A project which turns captured carbon dioxide into animal feed has just received major funding from the UK government

The ‘carbon recycling’ scheme will provide sustainable food for fish and poultry farms which has an up to 75 per cent smaller carbon footprint than other food sources.

Written by: Rosie Frost / Euronews.com

While we are becoming increasingly aware that a meat-based diet has a greater environmental impact than a plant-based one, few know that the biggest environmental impact comes from the food the animals eat. Just last week an article published in the Journal Science claimed that a fifth of soy and beef imported into the EU from Brazil came from illegally deforested land.

In 2017, the WWF found that 75 per cent of global soy and maize production was being grown to feed animals, mostly pigs and poultry. With diets around the world tending towards higher consumption of meat, the production of animal feed poses a growing threat to biodiversity as land is cleared to grow more crops.

REACT-FIRST

Animal feed is usually made from soy, fishmeal or grains – which can lead to these devastating environmental impacts. This new process, created by Deep Branch Biotechnology, takes CO2 from industrial emissions and uses it as an energy source for microbes which generate a single-cell protein specially designed for animal feed.
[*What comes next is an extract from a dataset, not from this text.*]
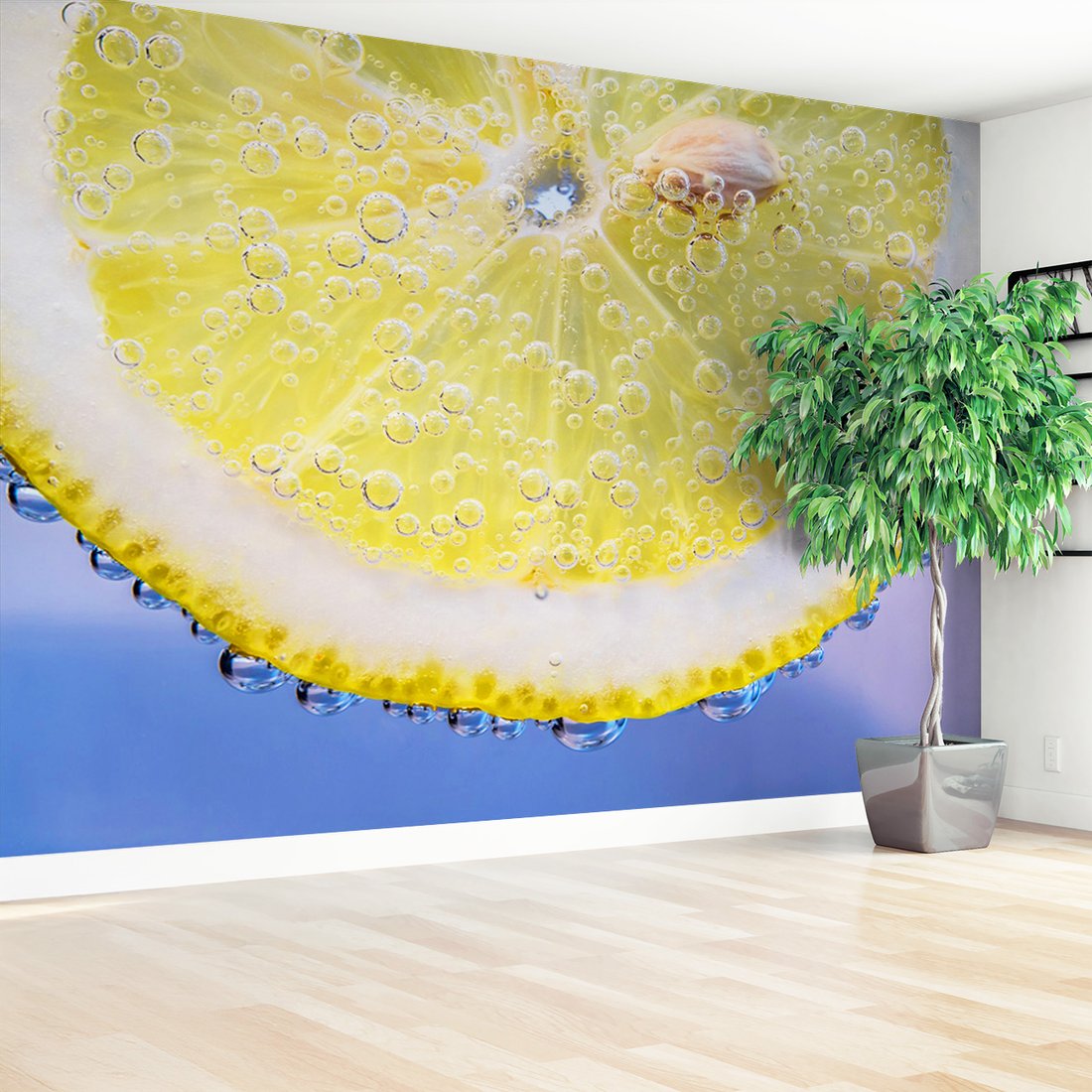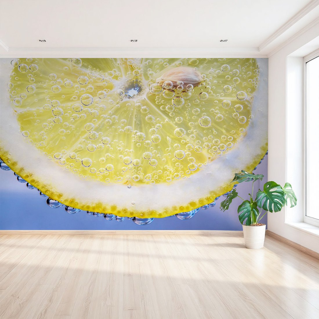 Nadaj swojemu wnętrzu unikalny charakter i głębię dzięki naszej fototapecie z motywem cytryna, woda, bąbelki. Ta imponująca dekoracja ścienna to połączenie nowoczesnego designu i zapierającego dech w piersiach motywu, które całkowicie odmieni Twoje pomieszczenie
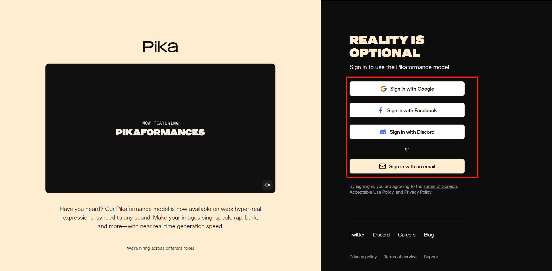 点击页面上的「Try Pika(试用 Pika)」或「Log in(登录)」按钮

CEO of the company, Peter Rowe, explained that the technology could help reduce the UK’s reliance on carbon-intensive international supply chains. Its potential use in food for fish and poultry “represents a new way of generating more sustainable animal feeds.”

Making Farming Carbon Neutral

To provide a source of industrial CO2 for the process, Deep Branch has partnered with a power station in the north of England which was recently converted to burn renewable biomass instead of coal.

Drax Power Station in Selby is the UK’s largest power station and supplies 5 percent of the country’s electricity needs. Drax has ambitions to become carbon negative by 2030 and capturing the CO2 it emits for projects like this one is part of this plan. Already the plant has been experimenting with using its captured CO2 to create new plastic products.

They have been awarded £3 million (€ 3.3 million) in funding by the government to test whether the process will work on a larger scale and what the overall carbon emissions would be.

This is partnership represents part of a wider consortium of 10 industry and academic groups called REACT-FIRST which received the £3 million funding. The consortium is “committed to tackling the global climate crisis and the goal of achieving neutral/negative carbon emissions”.

“Currently, most animal feed protein sources are imported from overseas, making the UK dependent on complicated and fragile supply chains,” said Rowe. “REACT-FIRST has been created to focus solely on addressing this problem.”

REACT-FIRST also includes Nottingham Trent University and UK supermarket Sainsbury’s alongside a number of other agriculture technology companies.

From Robotic Fruit Picking to Vertical Farming

The Yorkshire project is one of nine which received part of a £24 million funding package aimed at making the food production system in the UK more efficient. Others included a vertical fruit grower in London, AI technology being used to improve the efficiency of farms and a project testing whether robots can be used to carry out energy-intensive jobs like picking fruit.

“From robotics assisting our farmers in fruit picking, to technology that converts CO2 to clean animal feed, the incredible projects we are backing today represent the future of farming,” said UK Science Minister, Amanda Solloway.

She added that using the “best of British science” the projects chosen by the government would “help accelerate our transition to net-zero food production”.